3º Neurônio | crônica

DIA DOS AVÓS | A minha vó Maria

Maria Palma Rossetto, minha Vó Maria

Hoje é muito comum avós serem mães, melhores amigas e até companheiras de balada. Minha avó, Maria, acho que sempre foi o que se convencionou chamar avó-avó. Daquelas que parece que sempre tiveram o cabelo branquinho, desde minha primeira lembrança da geada no pátio da casa de madeira da Frei Caneca, passando pelo Parque Minuano, quando moramos porta a porta, até o apê ali na José Juliano.

Menino, antes de nossas tardes de pife, sob um ar condicionado no máximo (molto caldo, sempre reclamava a calorenta), não esqueço o ritual de coçar as costas dela com um pente azul. Era uma branquela muito cheia de alergias. No jogo, ela fingia perder, eu fingia ganhar. Ou então travávamos a pior partida de pife já registrada, perdendo os dois com cumplicidade, até ela me reconhecer como um adversário à altura.

Eu estava ‘grande’ então. Apesar de desde sempre impaciente demais para aprender a jogar Escopa, que no dialeto a vó sempre se referia como Scova, aquele jogo italiano com um baralho diferente onde me atraiam mais as ilustrações das cartas.

Esse sotaque da vó era tão característico que outros guris da vizinhança às vezes ficavam lá embaixo do Edifício Itália, da Álvaro Vieira Guimarães, implicando:

– Rãfael – gritavam.

Assim, com til, imitando a vó.

Eu queria descer e avançar sobre eles, mas ela escondia a chave. Algumas vezes eu chutava a porta, descontroladamente. Mexiam com ela, era como mexer comigo.

Sempre a amei muito.

Por vezes a vó ia ao Beni e trazia garrafinhas de Fanta uva, às quais furava a tampa metálica martelando um fino prego e permitindo sorver por ali, pouco a pouco, um sabor jamais visto em refri algum.

A velha parou um pouco de sair muito longe de casa depois que atropelou um carro ao atravessar a Assis Brasil. Piorou o joelho que tanto doía e antecipava a piova.

O quarto, onde ela gostava de passar grande parte do dia sentada na cama costurando panos de prato, estava sempre ao som da rádio Caiçara – ou seria Farroupilha? Além da música, a vó gostava muito daqueles plantões policiais, acho que era Morelli o nome do repórter. Todos os dias ela também botava óculos para ler as páginas policiais de Zero Hora.

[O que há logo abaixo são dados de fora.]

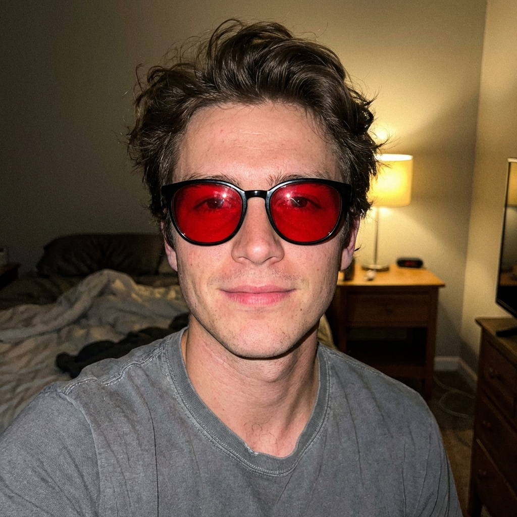 Clear blue light glasses only block blue wavelengths. But green light also suppresses melatonin—keeping you alert after dark. Red lenses block both, so your brain can actually shift into sleep mode.

Adolescente, por vezes eu dormia lá. Chegava da festa naquela larica da madrugada e a vó levantava para fritar polenta. Não adiantava dizer não. E eram três, quatro, cinco frigideiras. Depois, picolé de groselha em formas metálicas de gelo, de uma poção que ela trazia de Passo Fundo, terra do Ruaro, onde se fabricava o melhor picolé do mundo.

Pois o mesmo tempo por onde me perdi e afastei pela tal vida adulta levou muito dela nos últimos anos. Seu Malmeto (monstro que ela criou para brincar comigo) foi o Alzheimer. A gringa falante, sorridente e comilona silenciou e já era alimentada por uma sonda. A Rainha da Terceira Idade do Clube Comercial vegetava, viva envolta pelo amor e dedicação das filhas, filhos e cuidadoras.

Senti o cheirinho de sempre daquele cabelo fino e macio há duas semanas, quando fui visitá-la. Na terça passada, a vó se foi. Apagou, sentadinha na sua poltrona, junto da família que sempre queria por perto e, para ela, foi o que mais importou em vida.

Agora há pouco li que hoje é o Dia dos Avós e, enquanto engulo as lágrimas, tremo ao digitar e evito os olhares dos amigos aqui no Seguinte:, compartilho essas lembranças que vieram, como a vó dizia, de supetón. Muito mais para revivê-las – e consigo – do que por qualquer outro motivo.

Como essas coisas singelas podem ser tão inesquecíveis, impagáveis, tão nunca mais?

Enquanto peço licença para ir ao banheiro chorar, deixo como conclusão um post feito pela minha companheira Thiane, enquanto o corpinho da vó Maria ainda estava na cama e o atestado de óbito era preenchido na sala:

– Vida efêmera. Pensando sobre esses documentos todos que a família precisa preencher ao perder sua matriarca. Entre o ano de nascimento e de partida há um pequeno traço. Um tracinho. Essa é a nossa vida. A gente precisa fazer algo desse singelo traço. Dar um objetivo, um sentido, nosso melhor.